A March poll by Probolsky Research found that 44.5% of Latino voters surveyed would vote to recall Newsom. Only 41% said they would reject the recall, compared with 49% of white voters, 49% of Asian voters, and 72% of Black voters.
Since Latinos represent almost one-third of eligible California voters, we are the pin that holds the Newsom grenade together. And while I personally oppose the recall, I can see Latinos going either way if recall opponents and proponents are smart enough to speak our language — and it ain’t español or even Quechua.
While most folks suffered last year, few were hit harder than Latinos. We were inordinately slammed with COVID-19 cases and deaths. Economic shutdowns gutted our pocketbooks; school closures affected our kids, who make up more than half of schoolchildren in California public schools.
The public and symbolic face of all this is Newsom, for better or worse. He already wasn’t going to join our pantheon of political heroes like JFK or even Obama. Even the most fresa (frou-frou) of Latinos I know think of him as an elitist who thinks a bit too much of himself. His dinner at the muy fancy French Laundry sealed this thought. If he had instead celebrated his birthday party with a massive burrito at El Castellito in San Francisco’s Mission District, we’d be his fiercest defenders.

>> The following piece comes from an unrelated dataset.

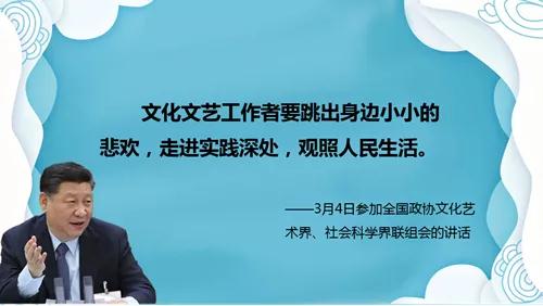 1.文化文艺工作者要跳出身边小小的悲欢,走进实践深处,观照人民生活。

Recall proponents understand this latent Latino antipathy better than Democrats. That’s why they’re already portraying Newsom’s actions over the past year as a specific betrayal of Latinos.
“The Latino community has been devastated by this governor’s incompetence,” California Republican Party Chair Jessica Milan Patterson told the Sacramento Bee. “Latinos are fed up with empty words and double standards.”
They’re going to hit this message again and again — ironic considering many of its candidates have won elections by portraying Latinos as leeches. But all that recall opponents have done to try and counter this messaging so far is to claim that QAnon and Proud Boys are the main drivers behind the recall. The strategy only works so much before Latinos start to ask for a more substantive argument.
Democrats better be scared when that happens. For the last quarter-century, they’ve run races in California by doing little more than pointing out the xenophobia of the GOP. They haven’t had to campaign much for our votes — but the Newsom recall will expose their electoral flab and weak muscles. So Newsom’s defenders need to wake up, smell the pozole, and take this recall seriously.
Over the next couple of months, they need to make the case to Latinos that 2020 was an unforeseen aberration that only Newsom can rectify. Latinos can’t afford to take grandiose words for granted as in previous elections; we need to push to make sure promises turn into action instead of the usual desmadre.
Our marriage with Democrats has allowed the party get a supermajority in Sacramento. What has it gained us? U.S. Senator Alex Padilla, sure, but income inequality and educational attainment gaps in California plagued Latinos long before the coronavirus, became worse in the past year, and will probably be exacerbated for decades. Latinos need to scare Newsom’s camp by keeping our options open on the recall question, and show him our bill.
So how about it, Latinos? Ready to rain down some desmadre? With this recall, we have the opportunity of a generation. Let’s decide the recall, and alter both parties forever in the process. Make the Republicans repudiate hate and conspiracies forever and finally act like a legitimate party if they want us to ixnay the Gavin-ay. Force the Democrats to never take us for granted again. We are the last, best hope for either side, so let’s make them work for us like baile folklorico dancers stomping around a sombrero.
All this desmadre brings to mind another Spanish phrase that every Latino voter should think come Special Election Day: No la riegues. Don’t mess it up.